To reach such goals, some states also offer incentives to install solar panels and other equipment that reduces the need for power production by utilities. A few offer feed-in tariffs (or other payments) that offer high $/kWh prices for the renewable power those systems feed into utility distribution systems. Such extra costs are also recouped via electric rates.

The end result may alter the balance between utility variable and fixed costs, leading to increased demand charges to make up for lost kWh sales.

To cope with such challenges, some utilities are transferring their price risk to customers by pushing them onto "dynamic" rates that vary with time-of-use (TOU) or the hourly real-time pricing (RTP) seen at a wholesale power market. Helping them in that effort is the deployment of smart meters that automatically communicate usage in 15-minute intervals. Nearly a third of all electric meters in the U.S. now have that capability, though many have not yet been enabled to do so.

Promoted as cutting metering and billing costs, and to more fairly distribute utility costs based on customer usage patterns, installation of such meters has been followed by offerings — or directives –— to switch customers to dynamic rates. After enabling its new smart meters, Baltimore Gas & Electric tried to make TOU rates mandatory for many customers.

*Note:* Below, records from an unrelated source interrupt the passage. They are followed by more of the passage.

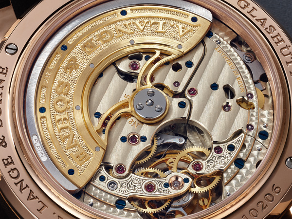 但儘管如此朗格對這顆陀飛輪還是做足了功夫,甚至同樣裝備了品牌得意的停秒機構,只要將錶冠拉出到調校段位,V字形帶有彈性的煞車片就會抵向陀飛輪籠架,從而煞住整個裝置,讓錶款得以進行精密對時。其實如果從陀飛輪原始的創制目的著眼,露不露原本不是什麼大問題,而加裝了停秒裝置更是讓實用形象大增,展現出品牌真的將它視為一種機能構造的態度,而如果買錶人能夠認同這樣的用心的話,或許也更能接受他們對於陀飛輪的低調處理吧。
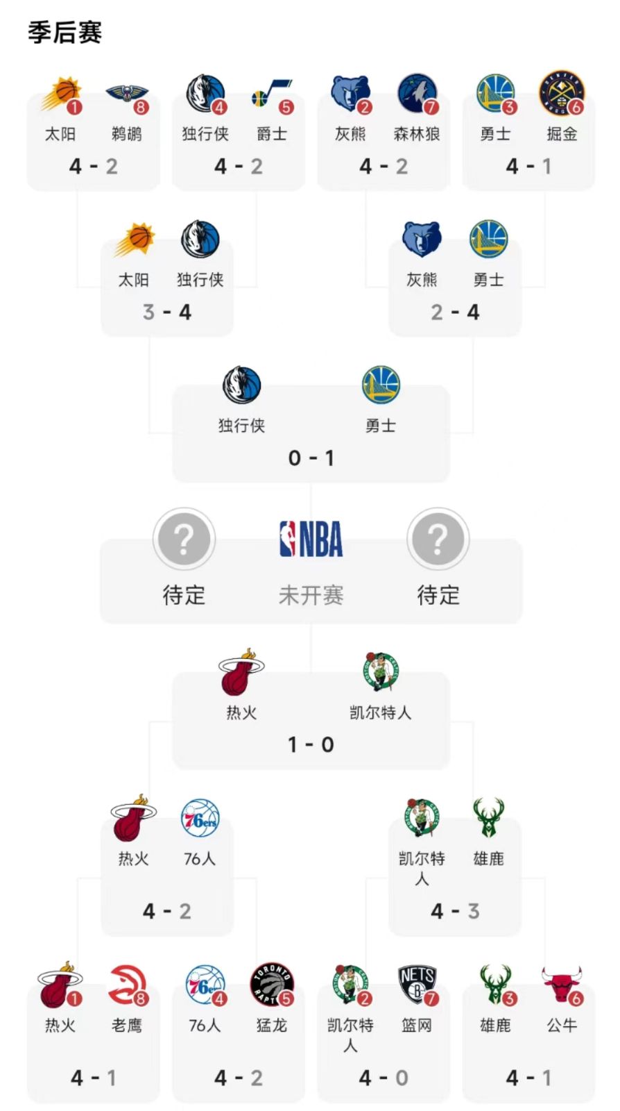 东部决赛首场比赛,热火硬汉气息十足,凯尔特人出师不利,而西部决赛,独行侠作客勇士的金色海洋,下半场手感严重失准,客场负于勇士。但分区决赛才进行了一轮,别忘了,常规赛排名第一的太阳就是在连胜两局2-0的情况下被逆转翻盘,痛失好局。所以,比赛尚未落下帷幕,四支分区顶级强者将会决出两位胜者会师总决赛,争夺2022赛季NBA总冠军。
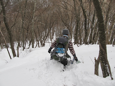 | そのうちに破線道に合流。指導標がありました。 | この先は傾斜も緩んだのでお二人はスノーシュー。ハイトスはワカン。 |
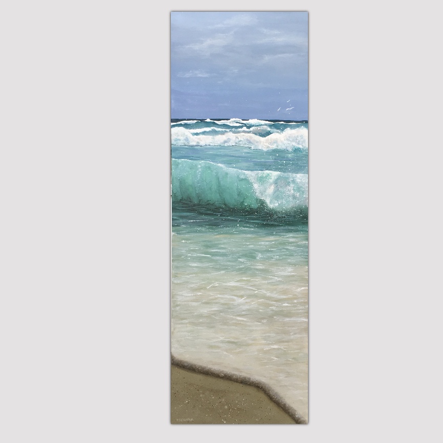 Having a fascination with our gorgeous beaches and oceans, I am totally in awe of the giant waves which crash into our shores. The energy each wave has as it tumbles and turns creating more speed as it scoops up more salty water. The thunderous sound as the giant “liquid mountain” makes its way to the shoreline dissipating into a frothy foamy carpet creeping up onto the hot golden sands beckoning us to dip our toes and have them covered in salty kisses.
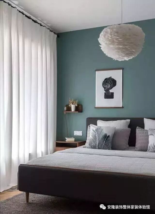 另一面是睡床,背景墙和之前的风格差不多,唯一不同的是色调换了,所以这里就不再赘言了。

The ensuing outcry caused the utility to dial back that effort and make TOU optional.

In states where electricity has been deregulated, PUCs have allowed utilities with smart meters to gradually lower the peak kW threshold below which the supply part of a bill would be charged under a RTP rate. Some now require that even medium-sized customers — those with annual peak demands of 250-500 kW — either pay RTP or buy their power from a non-utility supplier. While many customers in such states have already switched suppliers, others have not, or have switched back to utility supply service without realizing this change had occurred. Based on comments heard by energy consultants serving those customers, the resulting electric bills were not a pleasant surprise.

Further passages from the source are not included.